Task prompt: Restate the listing that follows word for word, without its pictures.

Recorded information:
● ● ● ● ●

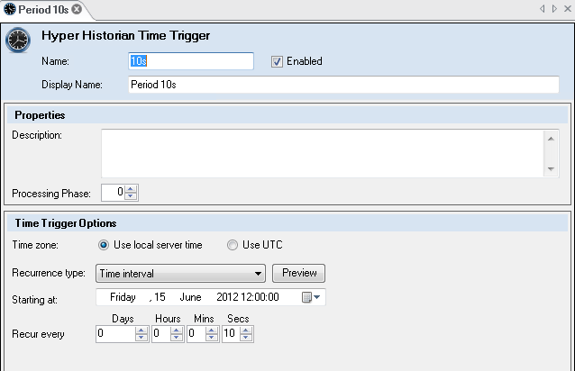 Right-click the Calculation Triggers node and select New Data Trigger. The Hyper Historian Time Trigger form opens, as shown below.
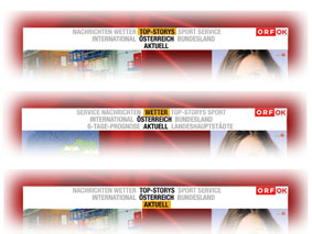 Die Besonderheit an allen ORF-Portalen ist, dass der Navigator den jeweils angewählten Menüpunkt in die Mitte des Navigationsbalkens zieht. Die erwünschte Information rückt also ins Zentrum des persönlichen Fokus des Zusehers.
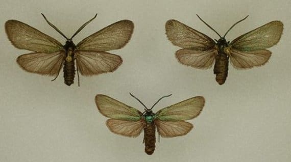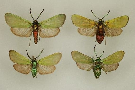 voorvleugel zwart (soms met groene zweem, vooral bij het vrouwtje);

● ● ● ● ●

Task response:
 Right-click the Calculation Triggers node and select New Data Trigger. The Hyper Historian Time Trigger form opens, as shown below.
 Die Besonderheit an allen ORF-Portalen ist, dass der Navigator den jeweils angewählten Menüpunkt in die Mitte des Navigationsbalkens zieht. Die erwünschte Information rückt also ins Zentrum des persönlichen Fokus des Zusehers.
 voorvleugel zwart (soms met groene zweem, vooral bij het vrouwtje);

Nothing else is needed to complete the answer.